Let us say that you are looking at a table of values, such as the one above. You want to approximate (get a good estimate of) the values at 63, but you do not have those values on your table. A good solution here is use a linear approximation to get a value which is probably close to the one that you really want, without having to go through all of the trouble of calculating the extra step in the table.


f\left(x_i\right) \approx \frac{f\left(x_{\lceil i \rceil}\right) - f\left(x_{\lfloor i \rfloor}\right)}{x_{\lceil i \rceil} - x_{\lfloor i \rfloor}} \cdot \left(x_i - x_{\lfloor i \rfloor}\right) + f\left(x_{\lfloor i \rfloor}\right)

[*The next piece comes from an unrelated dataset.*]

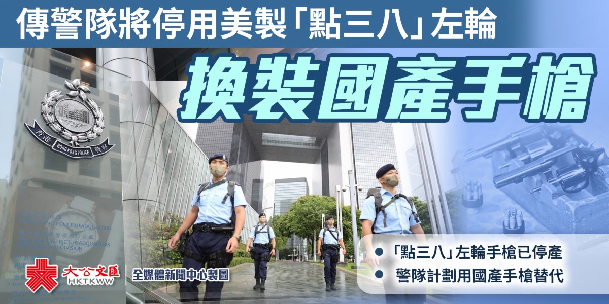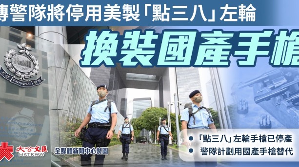 大公文匯全媒體報道,香港警隊具標誌性的「點三八」左輪手槍將被淘汰。消息指,基於美國製史密夫威遜10型(Smith & Wesson Military & Police)「點三八」左輪手槍(S&W M10 Revolver)已停產,警隊已落實「換槍計劃」,敲定轉用國產手槍替代,但由於涉及採購、訓練等程序,警隊需時逐步更替。

This is just the equation for a line applied to the table of data. xi represents the data point you want to know about, x_{\lfloor i \rfloor} is the known data point beneath the one you want to know about, and x_{\lceil i \rceil} is the known data point above the one you want to know about.

Examples[edit]

Find the value at 63 for the 0.05 column, using the values on the table above.

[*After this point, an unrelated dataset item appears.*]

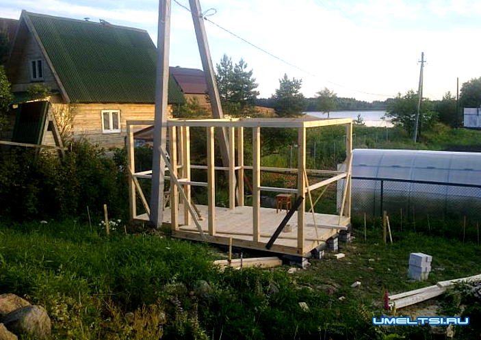 На лаги стелим пол, и ставим вертикальные брусья – это будет основа беседки.

First we confirm on the above table that we need to approximate the value. If we know it exactly, then there really is no need to approximate it. As it stands this is going to rest on the table somewhere between 60 and 70. Everything else we can get from the table:

 


f(63) \approx  \frac{f(70) - f(60)}{70 - 60} \cdot (63 - 60) + f(60) = \frac{1.66691  - 1.67065}{10} \cdot 3 + 1.67065 = 1.669528

 

Using software, we calculate the actual value of f(63) to be 1.669402, a difference of around 0.00013. Close enough for our purposes.